--- Your task ---
With the images removed, repeat the data below exactly.

--- Information shown ---

□ □ □ □

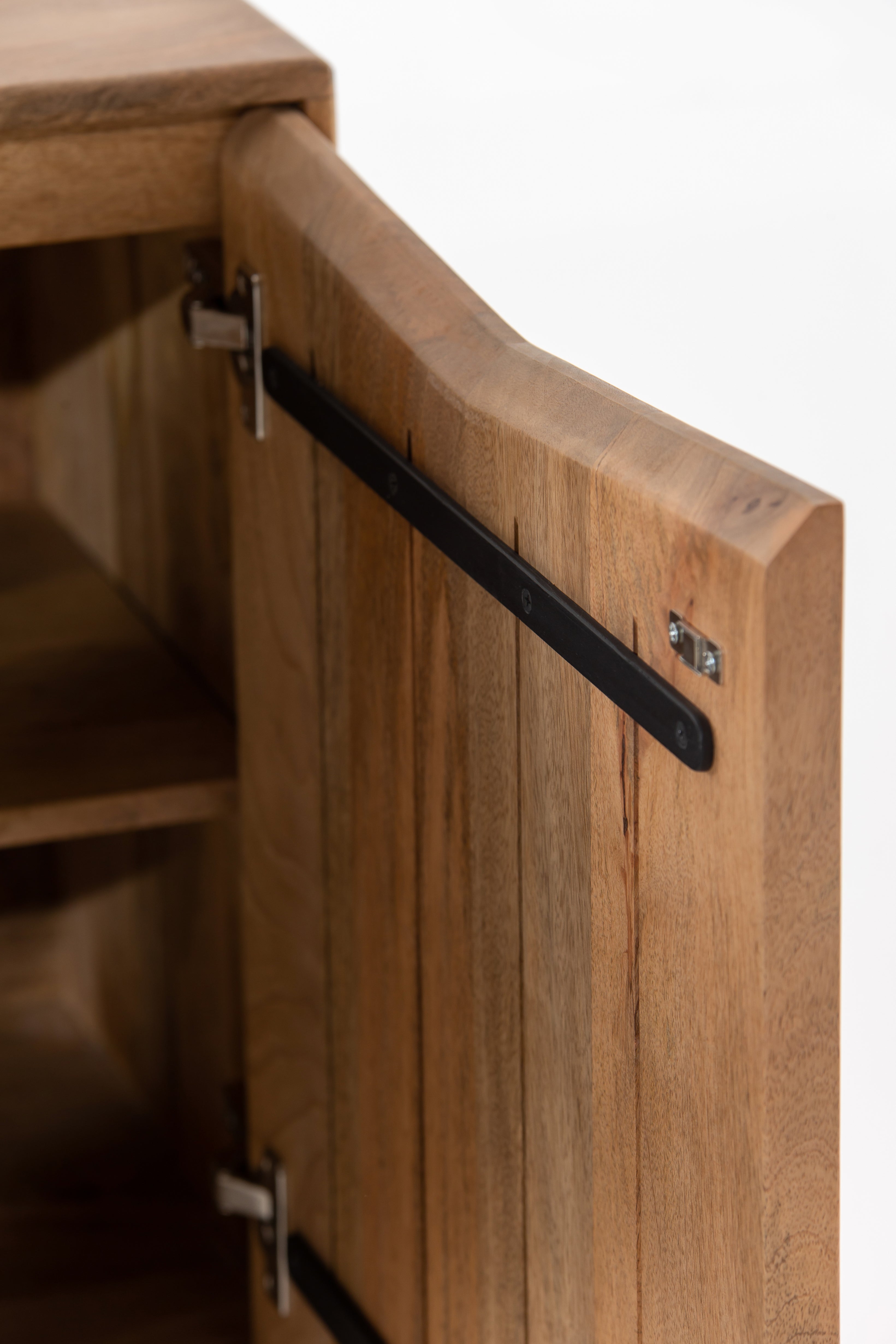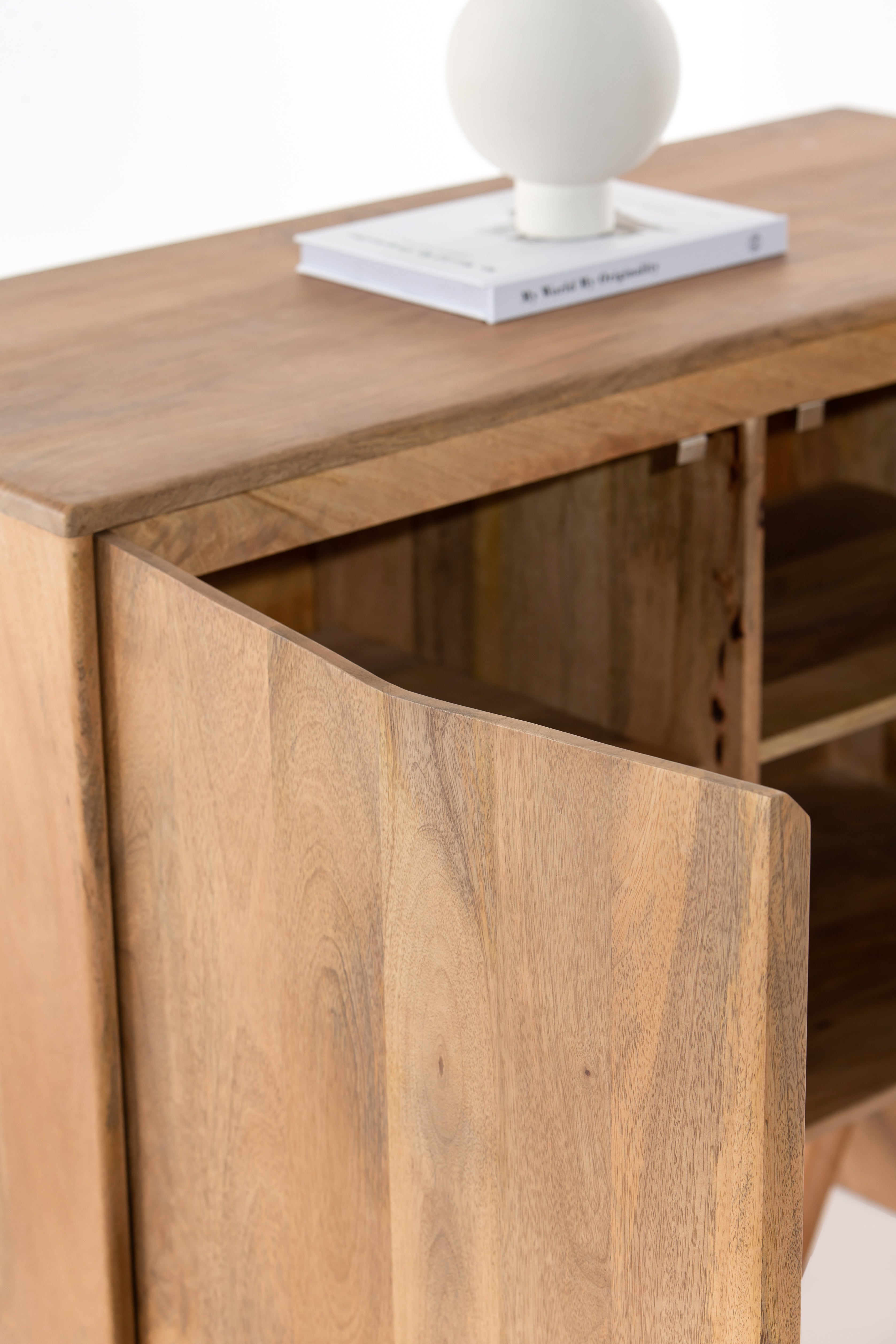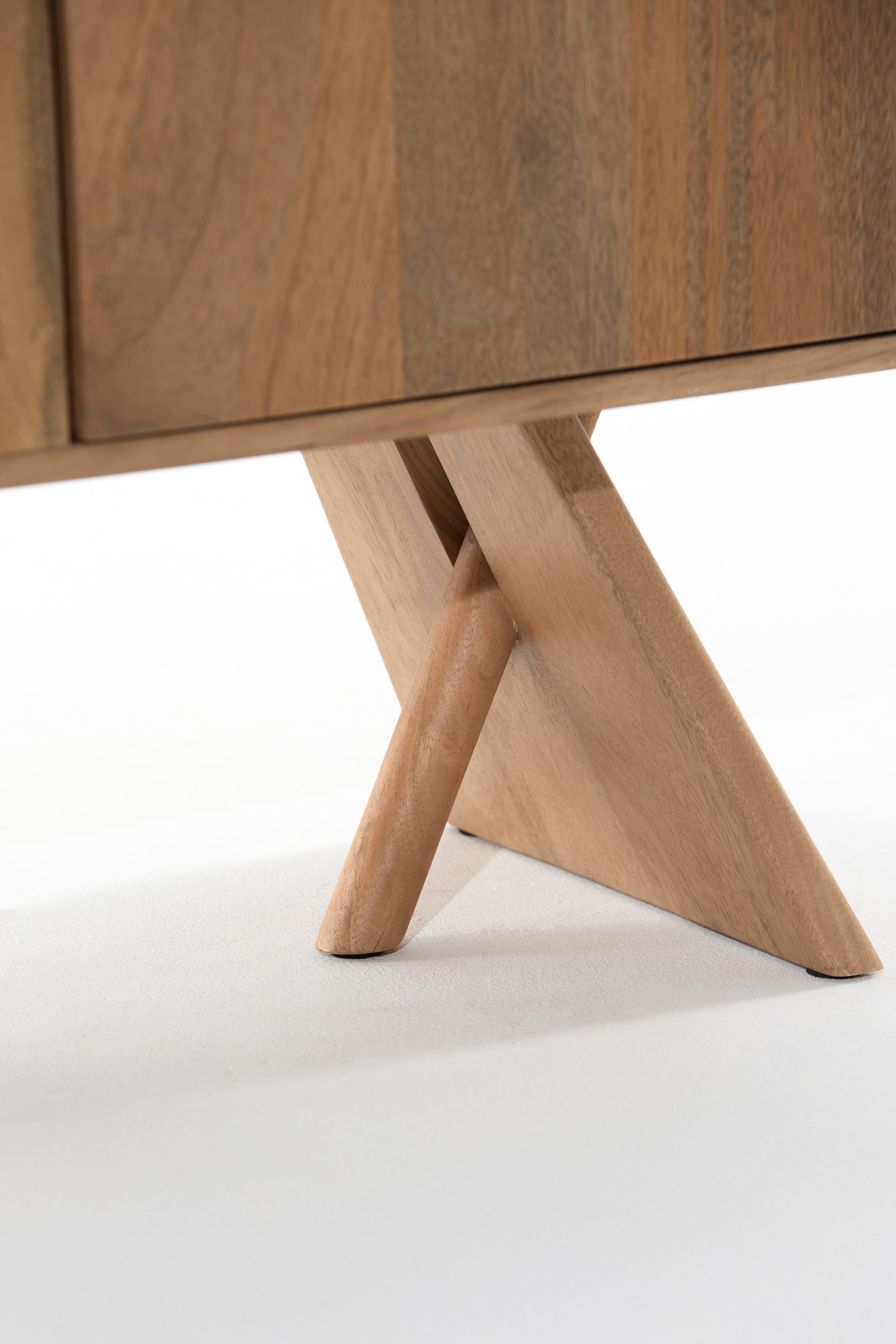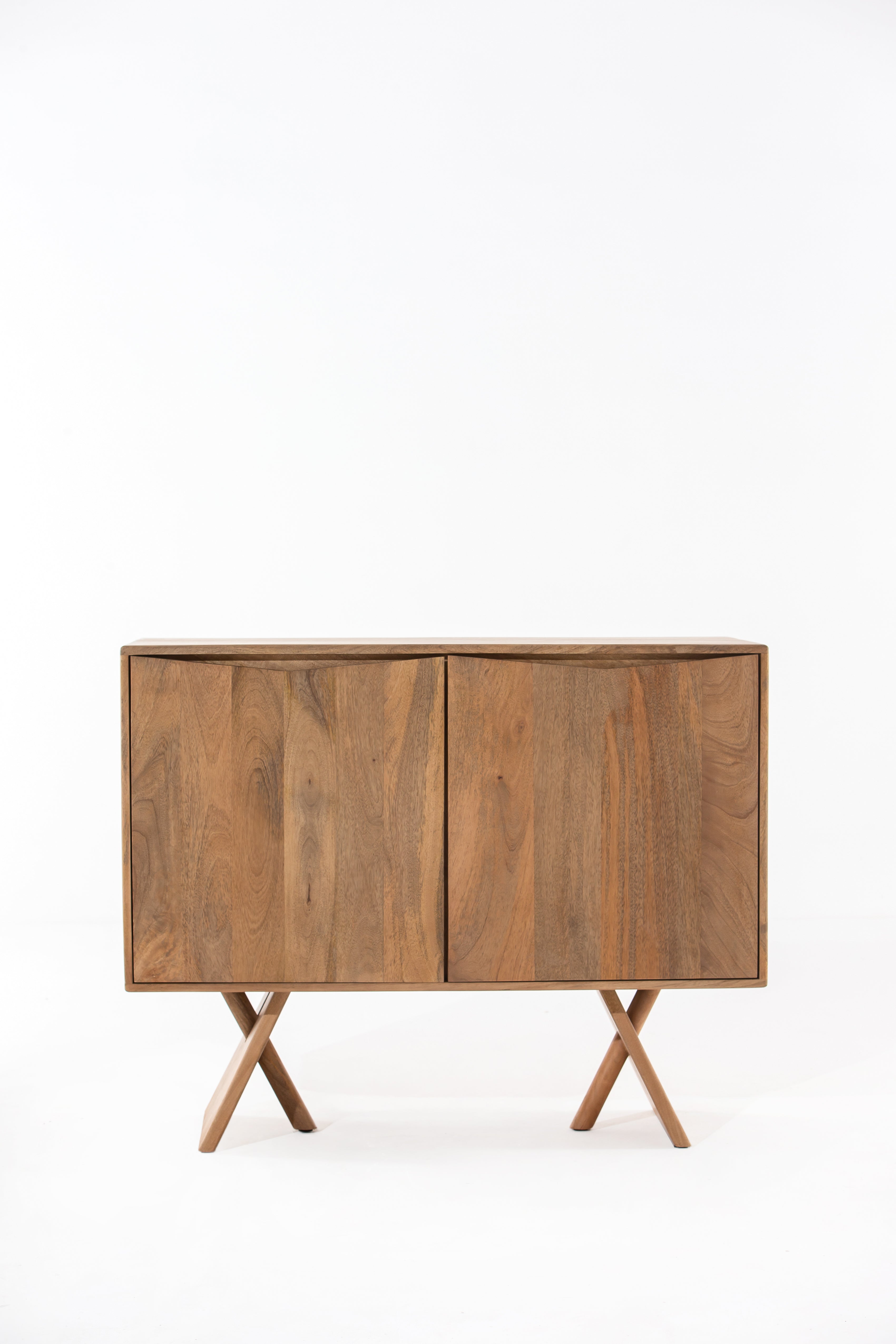 Bring effortless elegance to your interior with this 2-Door Wooden Sideboard, crafted from high-quality solid Mindi wood. Its natural grain finish highlights the organic beauty of the wood, while the minimalist design ensures it integrates seamlessly into contemporary or Scandinavian-inspired interiors. Resting on bold X-style sculptural legs, this compact storage unit offers two doors that open to reveal internal shelving—perfect for stashing away essentials in living rooms, entryways, or dining spaces. Thoughtfully sized for versatility, this piece is as functional as it is visually striking.
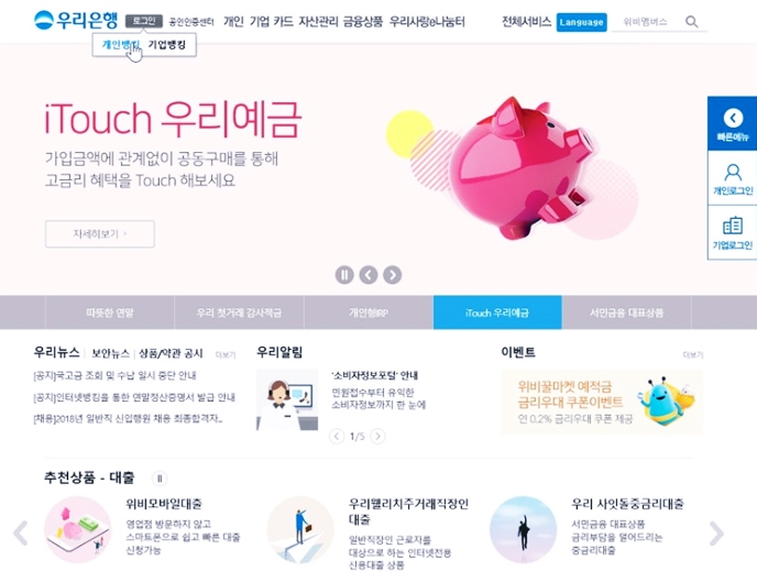 우선, 우리은행 통장사본을 출력하기 위해서는 우리은행 홈페이지에 접속해 주셔야 하는데요.
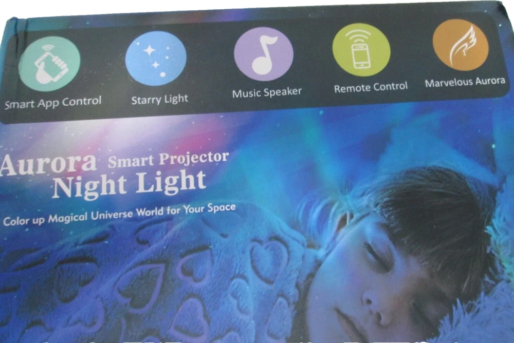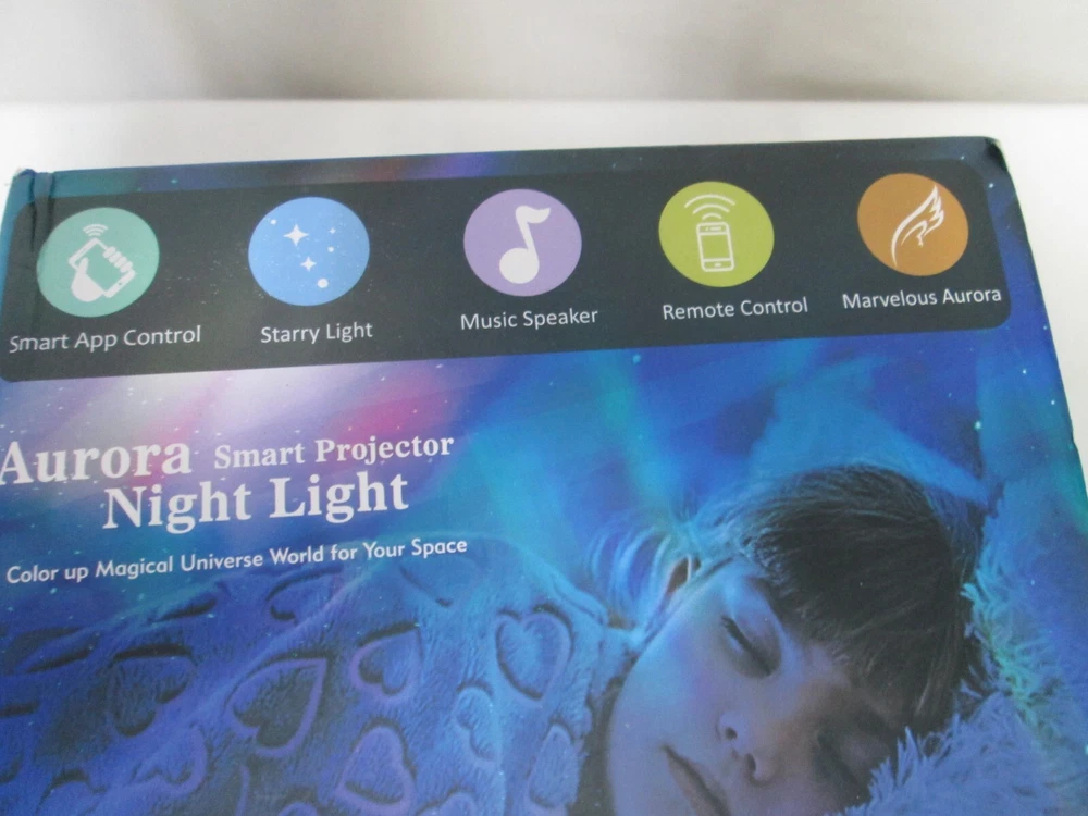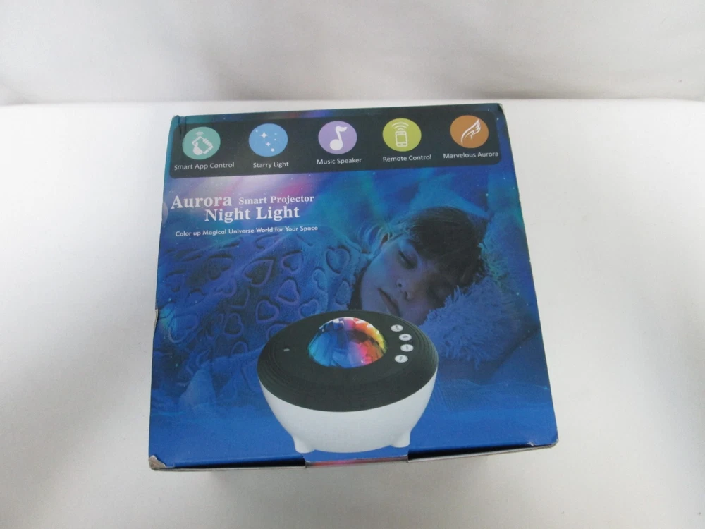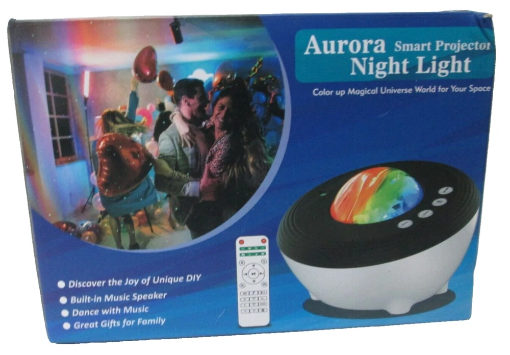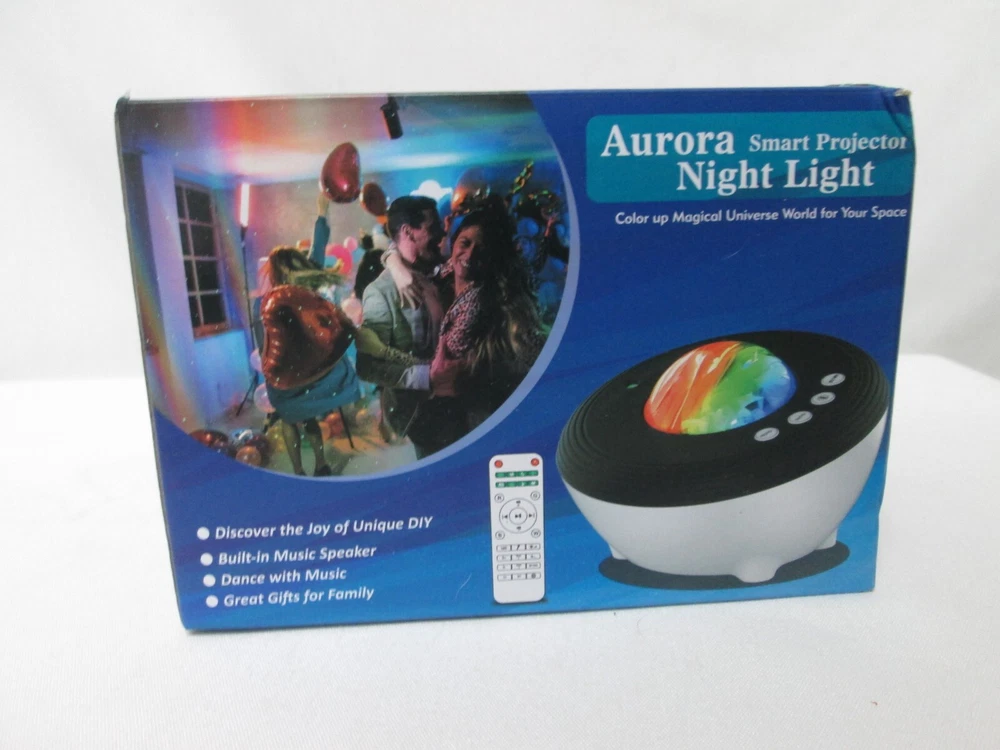 Brand New Aurora Night Light, LED, Remote, 8 Mode. Lighting Shows, Built in Speaker and Timing, Mood Relaxing Soothing Night Power Source Plug-in Electric Switch Style Remote Remote controller, Built-in 1 hr, 2 hrs, 4 hrs auto off timer, also it can stay on all night long. 3 brightness level adjustable (30% 60% 100%), Still or Rotation available. [2 Way Use & Amazing Aurora Light Show]- It is a little night light with dome cover on, a galaxy aurora projector when take off the cover. Project realistic aurora borealis and nebular light on ceiling or wall, create an enjoyable and relaxing bedtime experience for children, soothe and comfort kids to sleep, also perfect for adults to attain a relaxing and calming effect. [8 lighting projection modes & 45 degree titled adjustable]- red, blue, green and 3 colors [Built-in speaker] - volume adjustable, you can plug in an ipod, iphone, MP3 or other device with with the AUX cable in the package. Thank You.

□ □ □ □

--- Worked solution ---
 Bring effortless elegance to your interior with this 2-Door Wooden Sideboard, crafted from high-quality solid Mindi wood. Its natural grain finish highlights the organic beauty of the wood, while the minimalist design ensures it integrates seamlessly into contemporary or Scandinavian-inspired interiors. Resting on bold X-style sculptural legs, this compact storage unit offers two doors that open to reveal internal shelving—perfect for stashing away essentials in living rooms, entryways, or dining spaces. Thoughtfully sized for versatility, this piece is as functional as it is visually striking.
 우선, 우리은행 통장사본을 출력하기 위해서는 우리은행 홈페이지에 접속해 주셔야 하는데요.
 Brand New Aurora Night Light, LED, Remote, 8 Mode. Lighting Shows, Built in Speaker and Timing, Mood Relaxing Soothing Night Power Source Plug-in Electric Switch Style Remote Remote controller, Built-in 1 hr, 2 hrs, 4 hrs auto off timer, also it can stay on all night long. 3 brightness level adjustable (30% 60% 100%), Still or Rotation available. [2 Way Use & Amazing Aurora Light Show]- It is a little night light with dome cover on, a galaxy aurora projector when take off the cover. Project realistic aurora borealis and nebular light on ceiling or wall, create an enjoyable and relaxing bedtime experience for children, soothe and comfort kids to sleep, also perfect for adults to attain a relaxing and calming effect. [8 lighting projection modes & 45 degree titled adjustable]- red, blue, green and 3 colors [Built-in speaker] - volume adjustable, you can plug in an ipod, iphone, MP3 or other device with with the AUX cable in the package. Thank You.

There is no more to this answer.